Abstract: Monocular depth estimation is a fundamental task in computer vision， aiming to predict depth maps from single images and retrieve depth information for corresponding pixel positions. This paper proposes a novel network architecture for monocular depth estimation to further enhance the predictive accuracy of the network. Transposed attention introduces a self-attention mechanism， enabling it to focus on specific regions within the image while reducing the parameter and computation requirements. By incorporating information across different channels， it effectively captures fine-grained regions and edge details for learning. The paper presents an improved version of transposed attention that retains semantic information with fewer parameters. Multi-scale depth fusion leverages the characteristic of extracting features with different depths from distinct channels. It computes the average depth for each channel， enhancing the model’s depth perception capability. Furthermore， it models long-range dependencies for vertical distances， effectively separating edges between objects and mitigating the loss of fine-grained information. Finally， the proposed modules’ effectiveness is validated through experiments conducted on the NYU Depth V2 dataset and the KITTI dataset， demonstrating exceptional performance.

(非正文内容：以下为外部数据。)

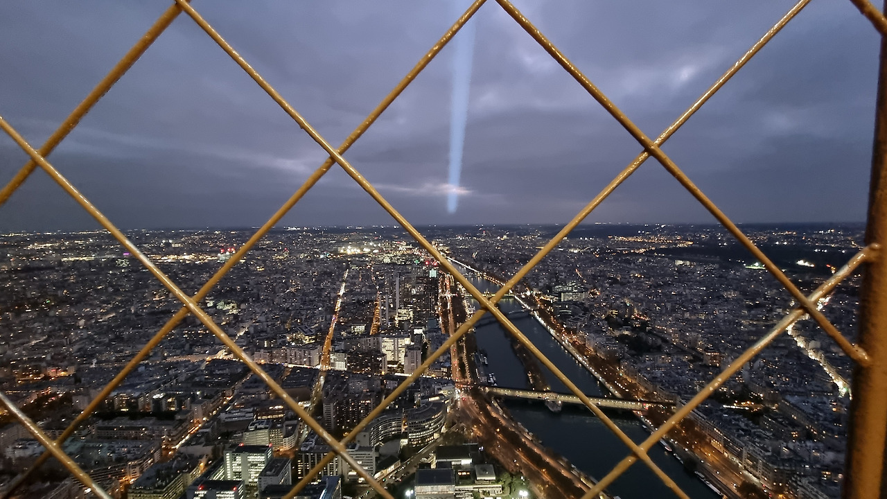 하늘에 아까부터 보이는 길다란 광선은 에펠탑 옥상에서 쏘는 빔입니다. 360도 빙빙 돌아가네요.

Key words: deep learning, monocular depth estimation, transposed attention, multi-scale deep fusion, channel average depth

中图分类号:

TP391.41

程亚子1, 雷亮1, 2, 陈瀚1, 赵毅然1. 基于转置注意力的多尺度深度融合单目深度估计[J]. 计算机与现代化, 2024, 0(09): 121-126.

CHENG Yazi1, LEI Liang1, 2, CHEN Han1, ZHAO Yiran1. Multi-scale Depth Fusion Monocular Depth Estimation Based on Transposed Attention[J]. Computer and Modernization, 2024, 0(09): 121-126.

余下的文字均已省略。